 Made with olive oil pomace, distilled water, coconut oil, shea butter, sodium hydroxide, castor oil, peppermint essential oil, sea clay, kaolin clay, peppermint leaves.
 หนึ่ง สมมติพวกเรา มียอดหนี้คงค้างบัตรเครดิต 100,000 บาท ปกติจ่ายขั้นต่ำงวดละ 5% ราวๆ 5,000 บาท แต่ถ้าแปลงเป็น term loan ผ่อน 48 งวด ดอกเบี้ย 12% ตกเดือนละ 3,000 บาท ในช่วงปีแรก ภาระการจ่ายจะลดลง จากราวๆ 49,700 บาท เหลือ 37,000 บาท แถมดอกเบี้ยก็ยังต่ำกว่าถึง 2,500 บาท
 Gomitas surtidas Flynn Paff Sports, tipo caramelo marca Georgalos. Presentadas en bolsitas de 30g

-=-=-=-=-

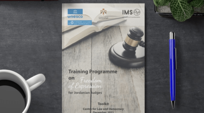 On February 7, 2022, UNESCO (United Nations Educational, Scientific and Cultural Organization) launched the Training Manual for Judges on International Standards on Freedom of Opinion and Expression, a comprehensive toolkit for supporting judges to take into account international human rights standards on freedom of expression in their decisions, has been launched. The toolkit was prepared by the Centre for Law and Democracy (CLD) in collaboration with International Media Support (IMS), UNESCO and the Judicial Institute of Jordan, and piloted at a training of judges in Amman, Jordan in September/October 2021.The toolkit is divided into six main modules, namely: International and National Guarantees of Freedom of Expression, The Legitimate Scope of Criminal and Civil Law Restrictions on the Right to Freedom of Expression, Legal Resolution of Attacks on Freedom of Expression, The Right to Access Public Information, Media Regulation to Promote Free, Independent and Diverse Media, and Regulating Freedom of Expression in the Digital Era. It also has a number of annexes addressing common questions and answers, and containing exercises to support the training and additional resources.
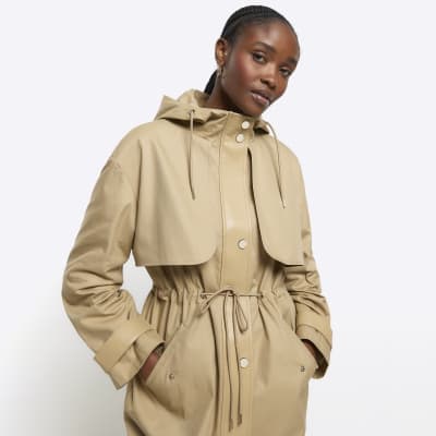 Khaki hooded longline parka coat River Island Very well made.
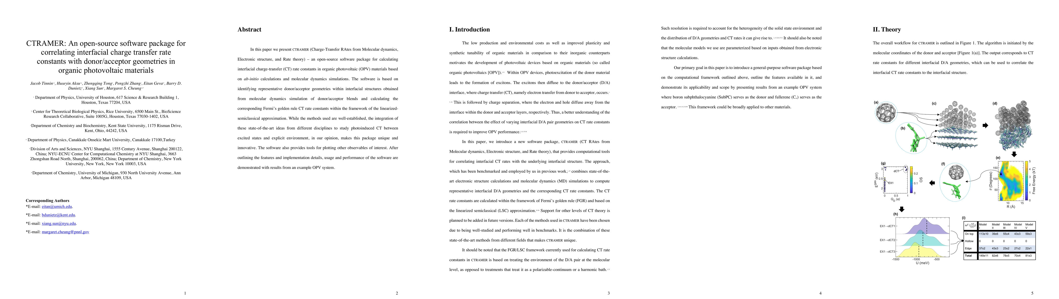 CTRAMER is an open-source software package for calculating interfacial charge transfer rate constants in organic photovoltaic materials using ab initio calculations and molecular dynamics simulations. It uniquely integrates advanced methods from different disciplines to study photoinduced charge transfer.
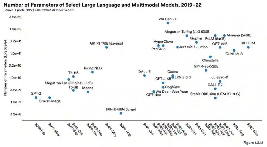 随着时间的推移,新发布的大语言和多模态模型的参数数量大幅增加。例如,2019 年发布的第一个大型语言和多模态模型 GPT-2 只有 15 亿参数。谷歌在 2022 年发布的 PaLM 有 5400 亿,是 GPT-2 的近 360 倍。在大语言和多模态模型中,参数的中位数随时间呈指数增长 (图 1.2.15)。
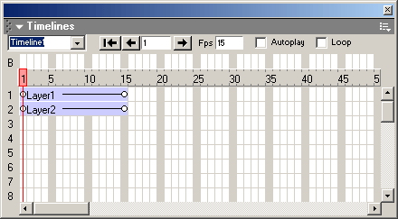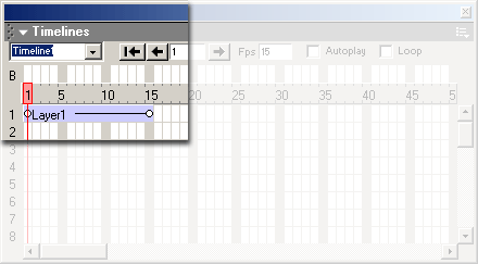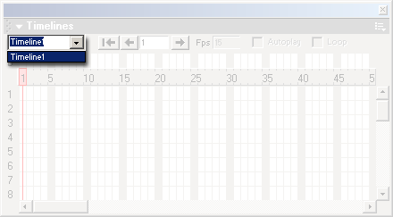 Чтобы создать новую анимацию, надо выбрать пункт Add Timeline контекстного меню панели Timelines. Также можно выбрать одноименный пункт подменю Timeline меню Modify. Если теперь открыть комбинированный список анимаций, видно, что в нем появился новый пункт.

-=-=-=-=-

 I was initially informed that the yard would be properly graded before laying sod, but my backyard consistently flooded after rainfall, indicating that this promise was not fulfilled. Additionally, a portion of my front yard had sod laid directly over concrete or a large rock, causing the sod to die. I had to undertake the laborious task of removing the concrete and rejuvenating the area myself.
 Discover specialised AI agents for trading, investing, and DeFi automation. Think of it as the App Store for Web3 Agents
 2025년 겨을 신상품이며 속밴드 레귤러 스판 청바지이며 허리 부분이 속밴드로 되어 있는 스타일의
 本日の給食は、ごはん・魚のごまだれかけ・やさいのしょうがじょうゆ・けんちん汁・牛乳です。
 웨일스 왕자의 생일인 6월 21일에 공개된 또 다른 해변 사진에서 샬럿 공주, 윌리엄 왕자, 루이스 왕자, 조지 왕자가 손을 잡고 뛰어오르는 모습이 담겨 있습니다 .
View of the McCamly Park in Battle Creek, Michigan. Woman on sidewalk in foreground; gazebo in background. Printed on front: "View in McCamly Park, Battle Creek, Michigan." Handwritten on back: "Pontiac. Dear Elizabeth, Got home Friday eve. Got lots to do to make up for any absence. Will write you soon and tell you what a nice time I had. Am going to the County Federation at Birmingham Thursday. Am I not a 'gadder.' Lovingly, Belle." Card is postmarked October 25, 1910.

-=-=-=-=-

_EXERCISE BRIEF_
Look back over the records above. Reproduce exactly everything from the line with "CTRAMER is an" down to the line with "Чтобы создать новую", inclusive, and leave the pictures out.

_FINISHED TASK_
 CTRAMER is an open-source software package for calculating interfacial charge transfer rate constants in organic photovoltaic materials using ab initio calculations and molecular dynamics simulations. It uniquely integrates advanced methods from different disciplines to study photoinduced charge transfer.
 随着时间的推移,新发布的大语言和多模态模型的参数数量大幅增加。例如,2019 年发布的第一个大型语言和多模态模型 GPT-2 只有 15 亿参数。谷歌在 2022 年发布的 PaLM 有 5400 亿,是 GPT-2 的近 360 倍。在大语言和多模态模型中,参数的中位数随时间呈指数增长 (图 1.2.15)。
 Чтобы создать новую анимацию, надо выбрать пункт Add Timeline контекстного меню панели Timelines. Также можно выбрать одноименный пункт подменю Timeline меню Modify. Если теперь открыть комбинированный список анимаций, видно, что в нем появился новый пункт.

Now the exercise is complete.